# Fine-Tune LLMs for text to SQL generation.



## Installing the necessary packages

In [None]:
# Install Pytorch & other libraries
%pip install "torch==2.4.0" tensorboard

# Install Hugging Face libraries
%pip install  --upgrade \
  "transformers==4.44.2" \
  "datasets==2.21.0" \
  "accelerate==0.33.0" \
  "evaluate==0.4.2" \
  "bitsandbytes==0.43.3" \
  "trl==0.9.6" \
  "peft==0.12.0"

Flash Attention is a an method that reorders the attention computation and leverages classical techniques (tiling, recomputation) to significantly speed it up and reduce memory usage from quadratic to linear in sequence length.

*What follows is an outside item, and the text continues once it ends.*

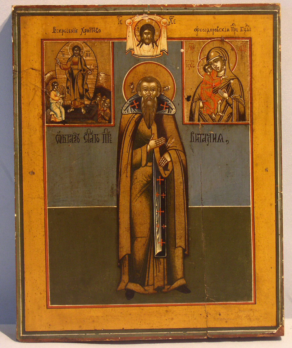Heiliger Mönch Vitalja (Vitalis).Darüber das Mandylion Christi.Flankiert von der Höllenfahrt Christi und der Gottesmutter Feodorowskaja.Sehr gut gemalte russische Altgläubigenikone um 1830-1860.Sehr gut erhalten.Der Heilige Vitalis wird selten dargestellt.Sammlerstück!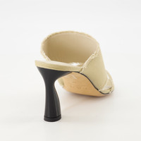 Mules Garnett en toile beige de la marque Iro, concues pour les femmes. Elles font partie de la collection Printemps-Ete 2025, alliant cuir et coton avec un design elegant.

The TL;DR; accelerates training up to 3x. Learn more at [FlashAttention](https://github.com/Dao-AILab/flash-attention/tree/main).


In [None]:
import torch; assert torch.cuda.get_device_capability()[0] >= 8, 'Hardware not supported for Flash Attention'
# install flash-attn
!pip install ninja packaging
!MAX_JOBS=4 pip install flash-attn --no-build-isolation

In [None]:
from huggingface_hub import login

login(
  token="", # ADD YOUR TOKEN HERE
  add_to_git_credential=True
)


Token is valid (permission: write).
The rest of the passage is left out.